WHAT THIS TASK INVOLVES. Quote every line of the data below as it stands, omitting pictures.

COLLECTED MATERIAL.
+ + +

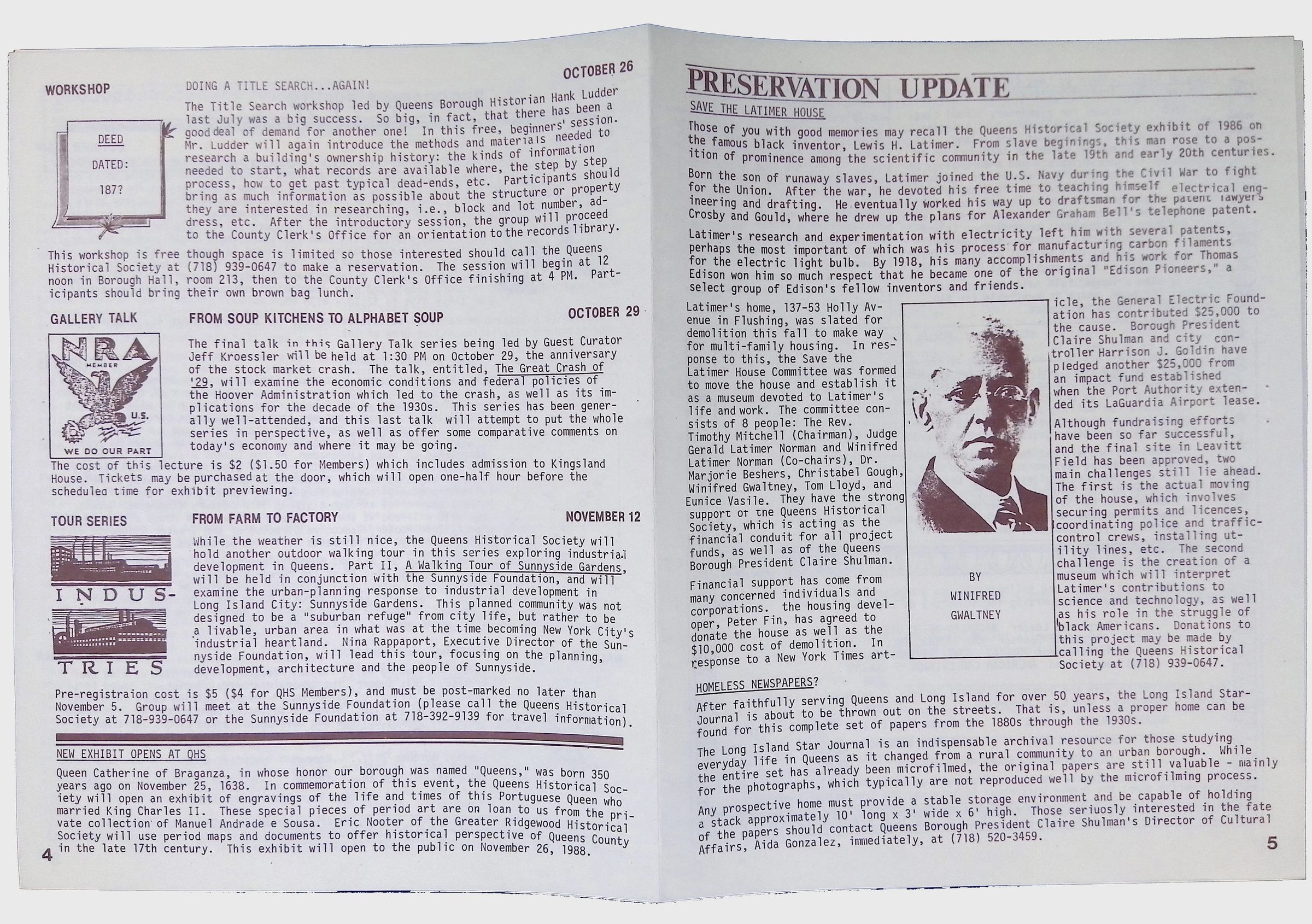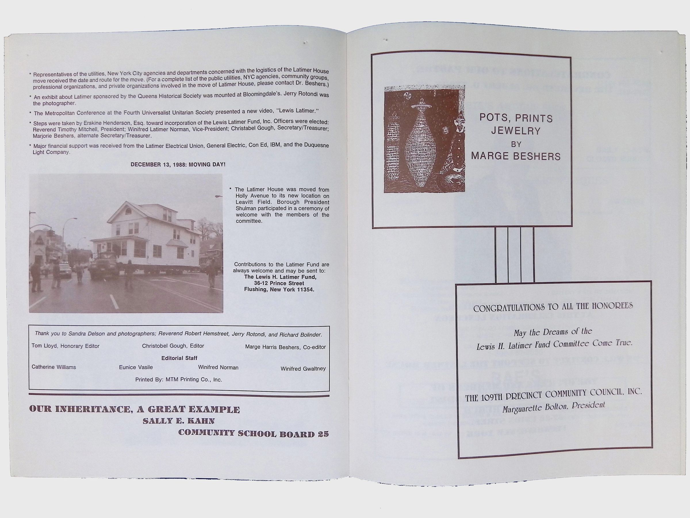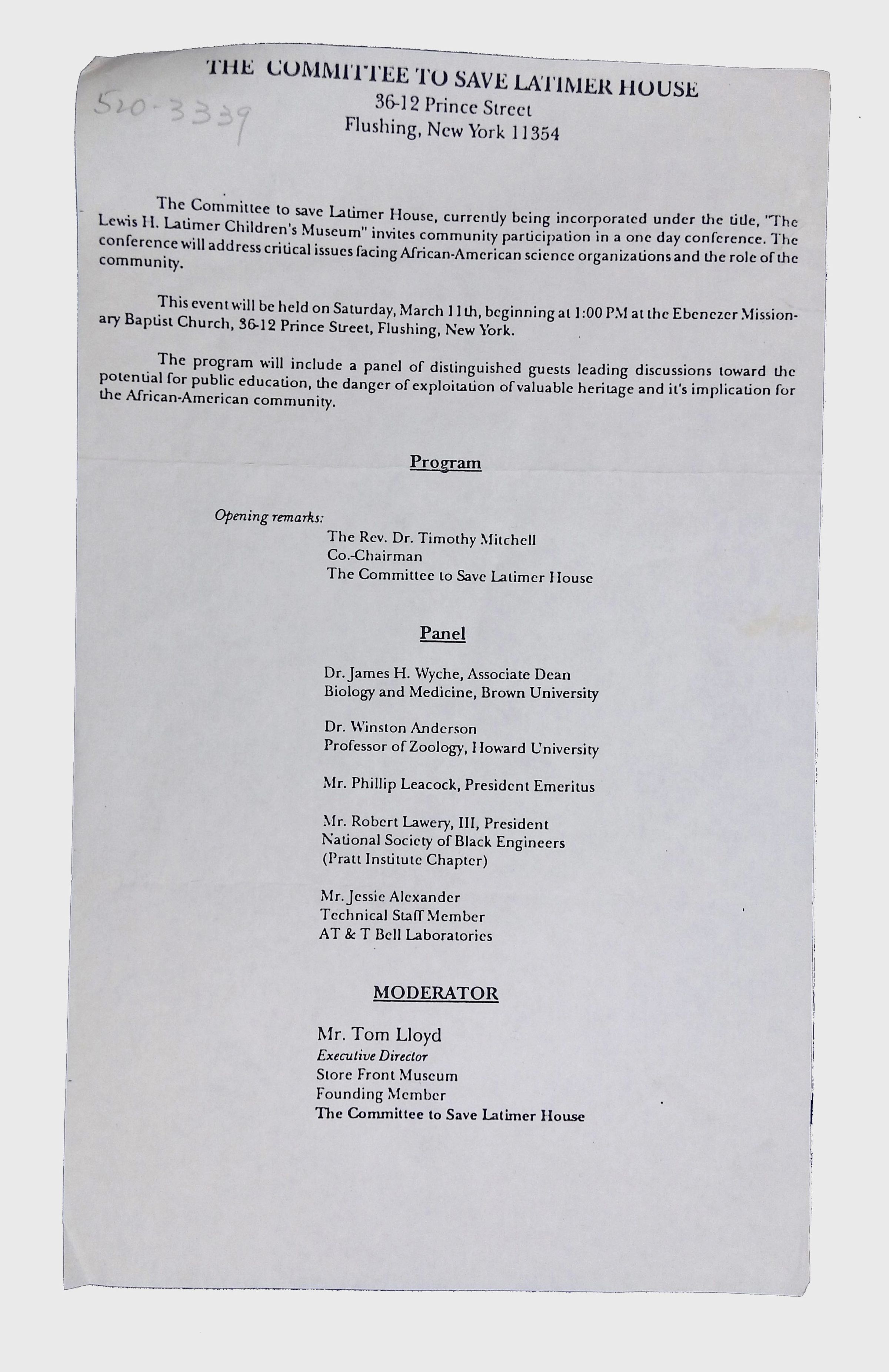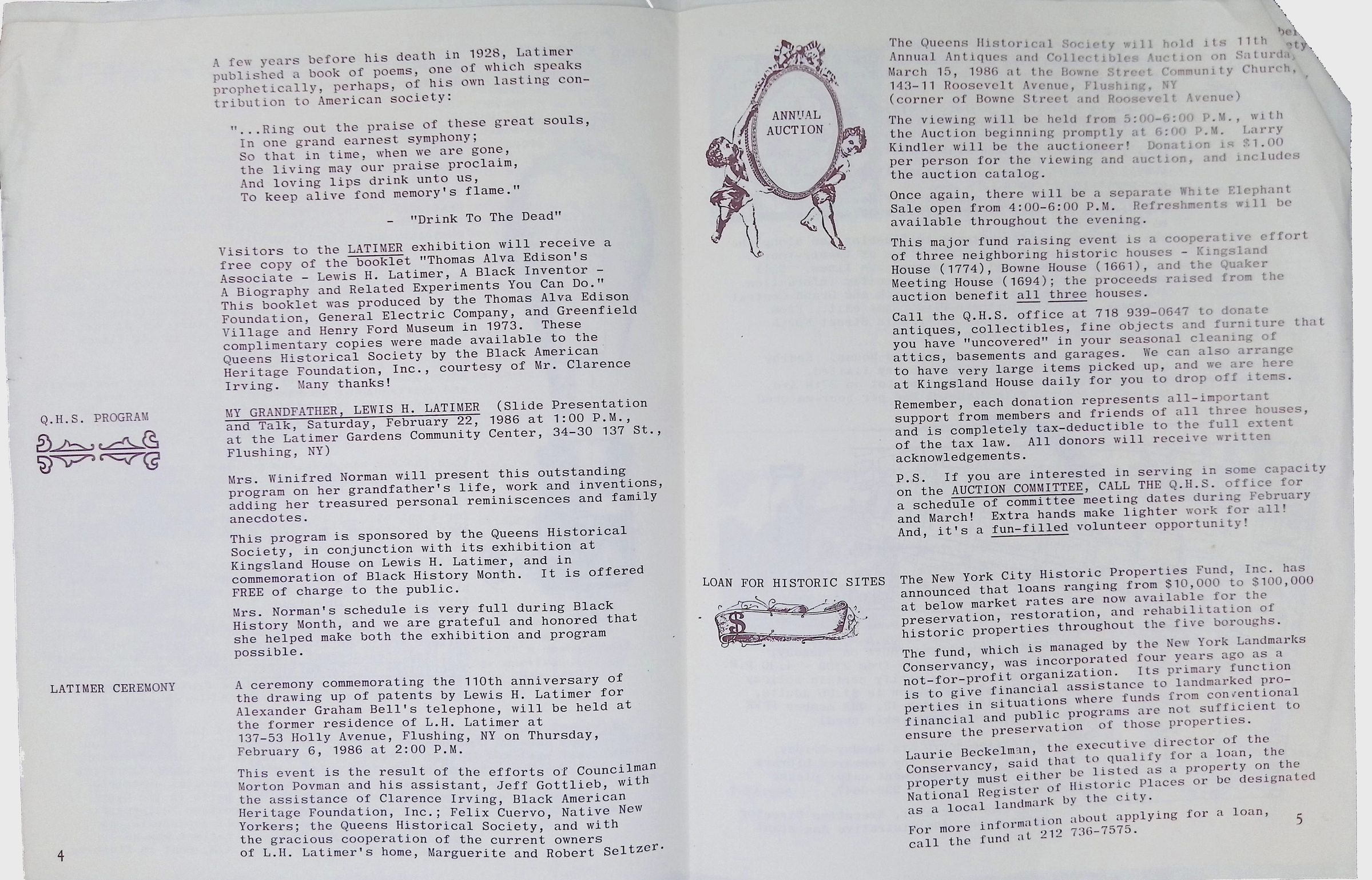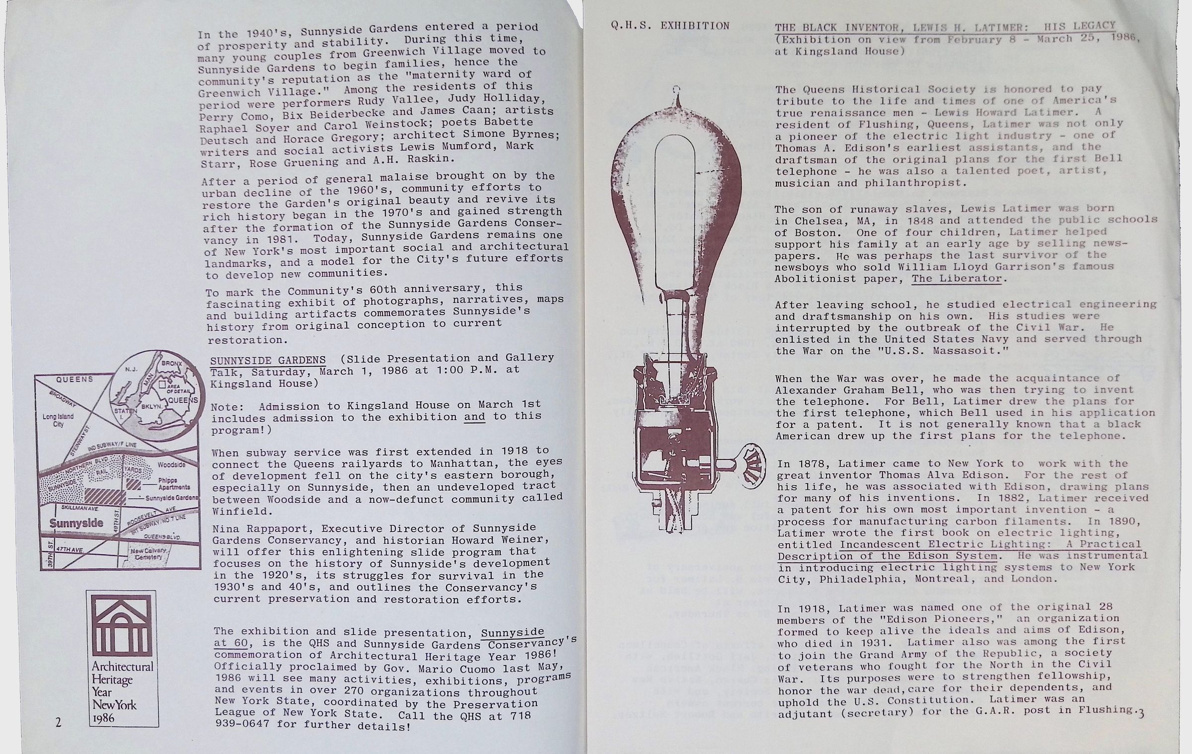 A collection of event programs, community outreach materials, and historical overviews celebrating the legacy of Lewis H. Latimer generated by the Lewis Latimer Fund, Inc. during the 1990s. Among those pictured or mentioned at Lewis Latimer’s grandchildren Winifred Norman and Gerald L. Norman, New York City Mayor David Dinkins, and Queens Borough President Claire Shulman..Context
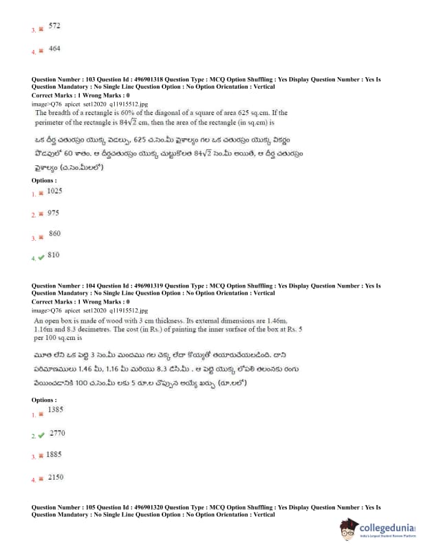 APICET 2020 Question Paper with Answer Key PDFs Shift 2
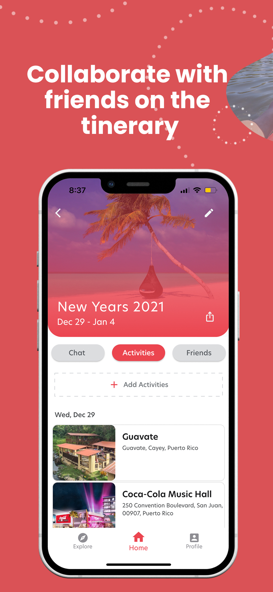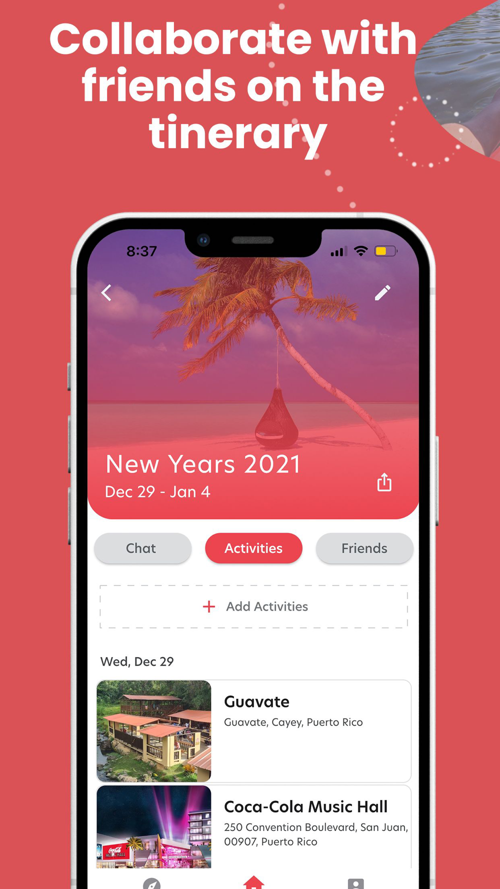 * Allows friends to add and remove trip activities to promote a collaborative environment

+ + +

SOLUTION FOR THIS TASK.
 A collection of event programs, community outreach materials, and historical overviews celebrating the legacy of Lewis H. Latimer generated by the Lewis Latimer Fund, Inc. during the 1990s. Among those pictured or mentioned at Lewis Latimer’s grandchildren Winifred Norman and Gerald L. Norman, New York City Mayor David Dinkins, and Queens Borough President Claire Shulman..Context
 APICET 2020 Question Paper with Answer Key PDFs Shift 2
 * Allows friends to add and remove trip activities to promote a collaborative environment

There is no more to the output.